International criminal law reflects this shift in perspective. Traditional criminal law generally frames cases as disputes between the State and the accused. But international criminal law reframes certain acts as offenses against humanity itself. Institutions such as the International Criminal Court operate on the principle that some crimes are so grave that they implicate not only individual victims but the moral conscience of the international community. Under this framework, justice is no longer exclusively about punishing offenders; it also involves acknowledging victims, preserving collective memory, and preventing future impunity.

Yet constitutional democracies remain cautious. They understand the danger of allowing collective outrage to overwhelm individual liberty. History repeatedly demonstrates that governments invoking “public welfare” or “justice” can become instruments of persecution if procedural safeguards disappear. Without due process, even noble causes may evolve into authoritarian practices. This is why constitutional systems insist that the rights of the accused must still be respected, even in emotionally charged or politically divisive cases.

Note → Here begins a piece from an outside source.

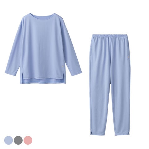 ベネクス リカバリーウェア リカバリークール+ サイドスリットロングスリーブ ロングテーパードパンツ レディース 上下セット 母の日 接触冷感 高通気 サックス M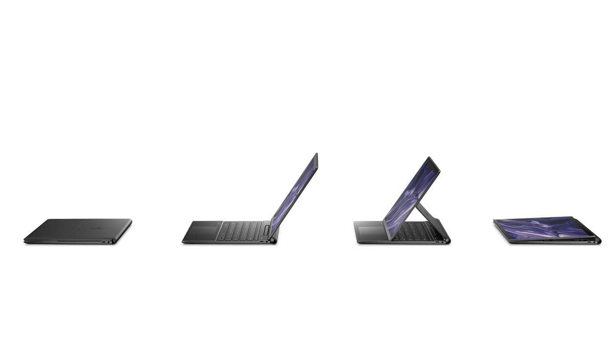Plus haut de gamme, l’Elite Folio de HP est conçu autour d’un châssis plus exotique avec une charnière large qui permet au choix d’avancer l’écran au-delà du clavier ou de replier l’appareil façon tablette – mais l’appareil a l’air très épais et peu confortable à utiliser en mode écriture manuscrite (livré avec un stylet).

At the same time, there is also danger in the opposite extreme. If society becomes so focused on procedural protections that accountability becomes nearly impossible, public trust in institutions erodes. Victims begin to feel invisible. Justice appears selective or inaccessible. Constitutional rights may then be perceived not as instruments of liberty but as shields for impunity. The law therefore stands in a constant struggle to maintain equilibrium between liberty and accountability, between individual protection and collective justice.

This same constitutional tension exists beyond criminal law. In expropriation, for example, the Constitution protects private property while simultaneously recognizing the State’s authority to take land for public use upon payment of just compensation. Neither the individual property owner nor the collective needs of society absolutely prevail. Instead, the Constitution attempts to balance both through due process and fairness. Modern constitutional democracy operates on this same balancing principle across many areas of law.

Ultimately, the controversy surrounding Bato is not merely about one senator, one arrest, or one procedural remedy. It is part of a larger constitutional conversation about the direction of democratic society itself. The real issue is whether a constitutional order can simultaneously protect the liberty of the accused while honoring the rights of victims and society’s demand for justice. That tension may never fully disappear because it reflects the very complexity of human civilization. Constitutional democracy survives not by choosing only liberty or only collective justice, but by continually attempting to reconcile both within the rule of law.